Data:
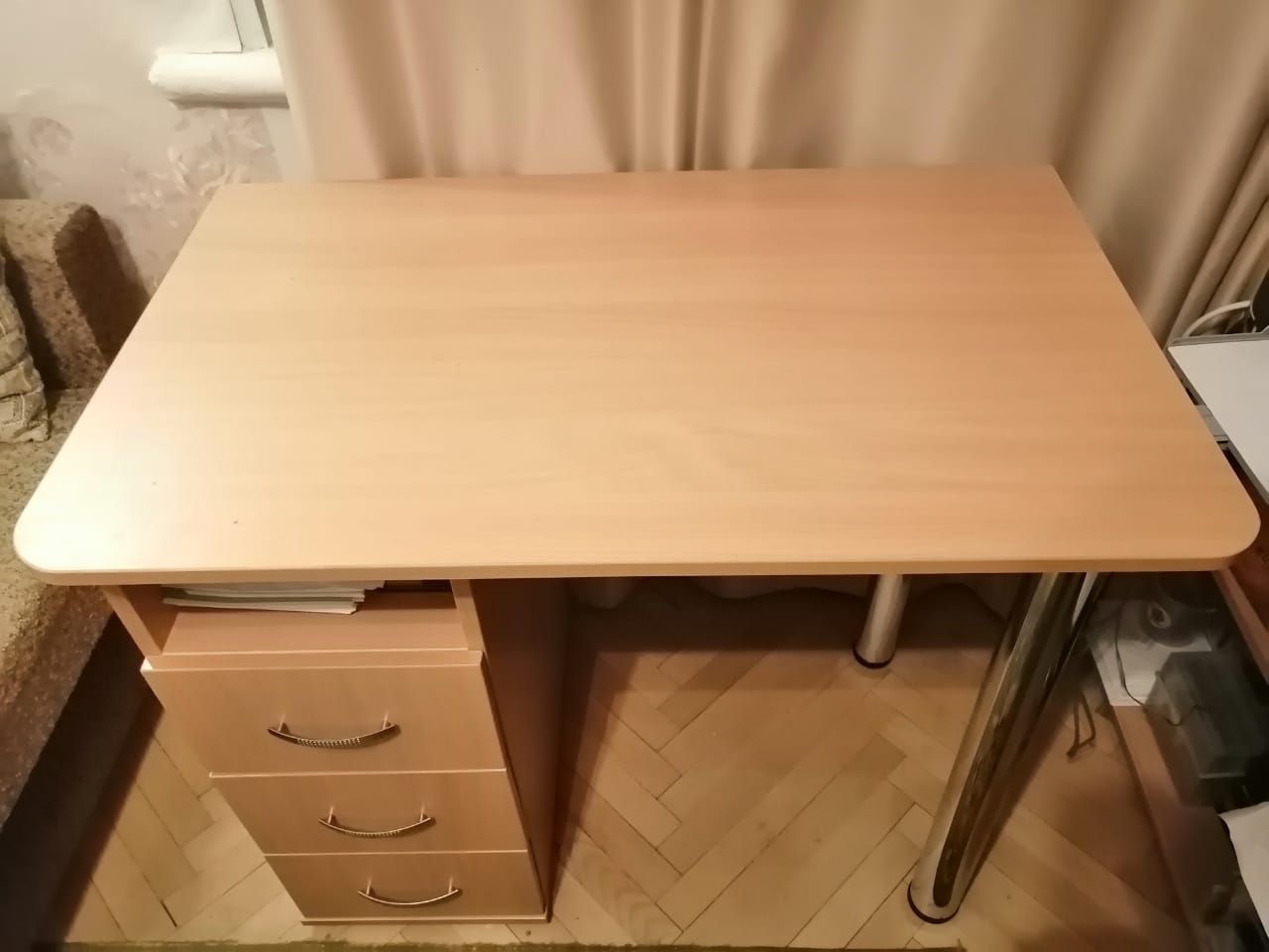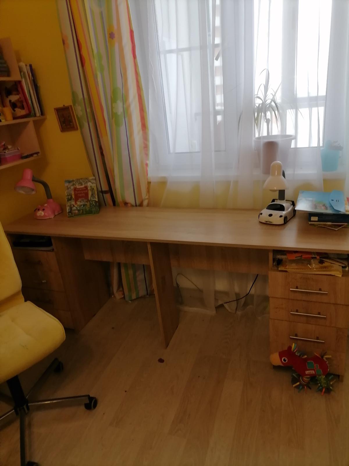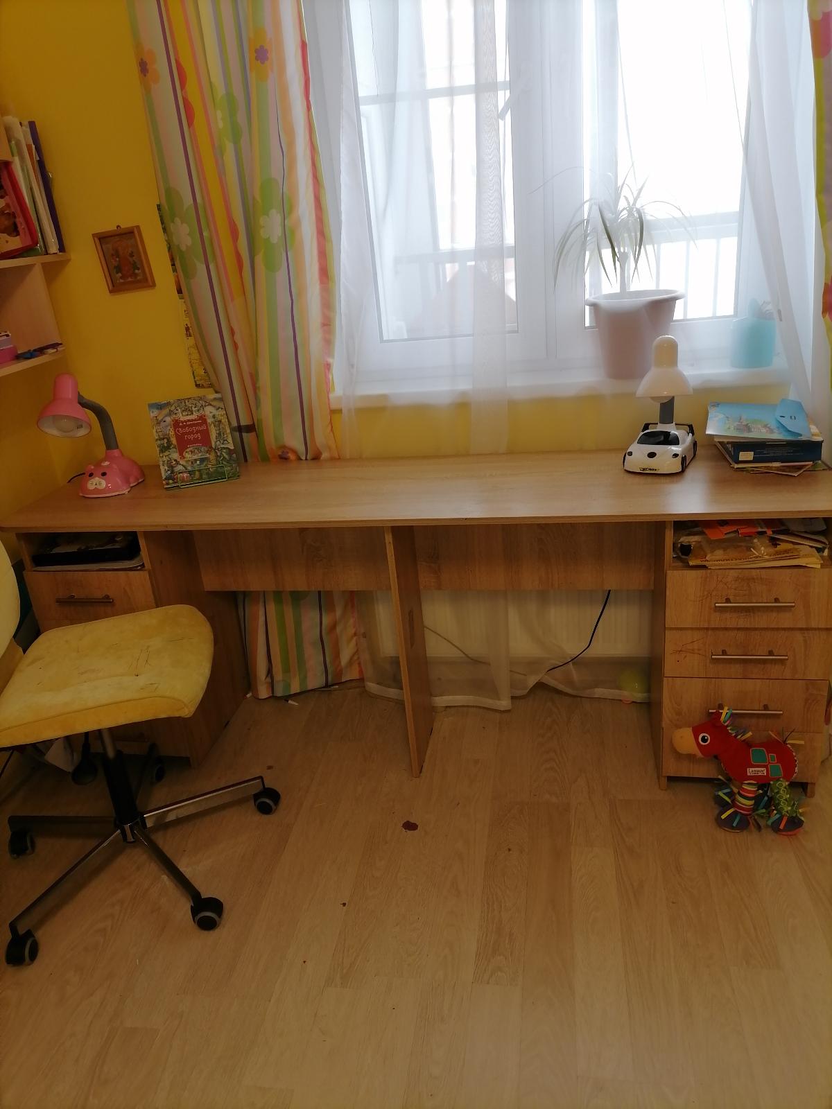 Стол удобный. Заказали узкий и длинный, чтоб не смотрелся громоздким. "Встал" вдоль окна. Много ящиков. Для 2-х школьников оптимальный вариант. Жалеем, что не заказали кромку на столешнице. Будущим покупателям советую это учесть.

* * *

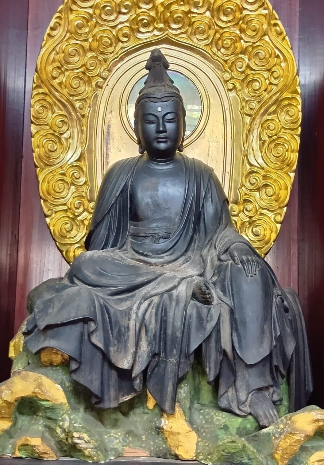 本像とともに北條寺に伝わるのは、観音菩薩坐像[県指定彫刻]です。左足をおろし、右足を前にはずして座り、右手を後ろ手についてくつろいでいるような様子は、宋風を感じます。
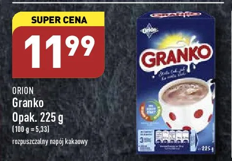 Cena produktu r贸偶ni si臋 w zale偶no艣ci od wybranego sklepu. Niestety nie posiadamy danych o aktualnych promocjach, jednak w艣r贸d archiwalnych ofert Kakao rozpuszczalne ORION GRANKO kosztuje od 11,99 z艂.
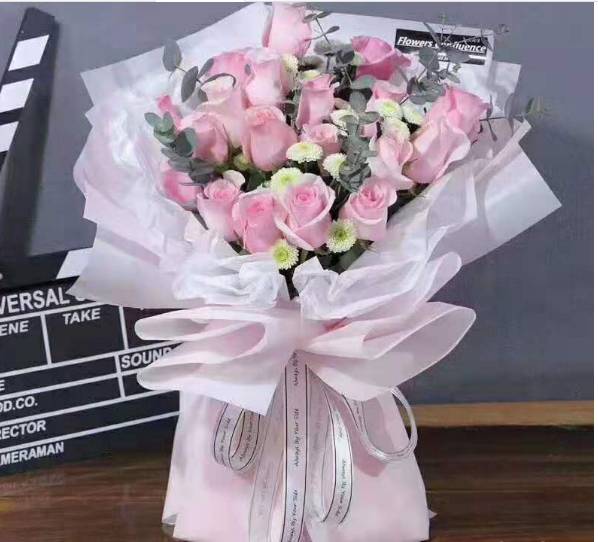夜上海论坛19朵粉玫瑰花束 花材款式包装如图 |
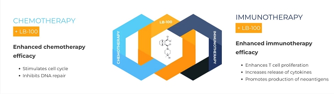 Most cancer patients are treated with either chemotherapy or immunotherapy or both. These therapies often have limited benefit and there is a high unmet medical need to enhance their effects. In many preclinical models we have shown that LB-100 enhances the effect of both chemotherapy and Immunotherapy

==

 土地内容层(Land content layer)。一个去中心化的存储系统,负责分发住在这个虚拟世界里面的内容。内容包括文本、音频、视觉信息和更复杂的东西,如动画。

What this task involves:
Look back at the data above, then output exactly the lines from the line holding "本像とともに北條寺に伝わるの" up to and including the line holding "Most cancer patients". Leave out the pictures.

Expected output:
 本像とともに北條寺に伝わるのは、観音菩薩坐像[県指定彫刻]です。左足をおろし、右足を前にはずして座り、右手を後ろ手についてくつろいでいるような様子は、宋風を感じます。
 Cena produktu r贸偶ni si臋 w zale偶no艣ci od wybranego sklepu. Niestety nie posiadamy danych o aktualnych promocjach, jednak w艣r贸d archiwalnych ofert Kakao rozpuszczalne ORION GRANKO kosztuje od 11,99 z艂.
夜上海论坛19朵粉玫瑰花束 花材款式包装如图 |
 Most cancer patients are treated with either chemotherapy or immunotherapy or both. These therapies often have limited benefit and there is a high unmet medical need to enhance their effects. In many preclinical models we have shown that LB-100 enhances the effect of both chemotherapy and Immunotherapy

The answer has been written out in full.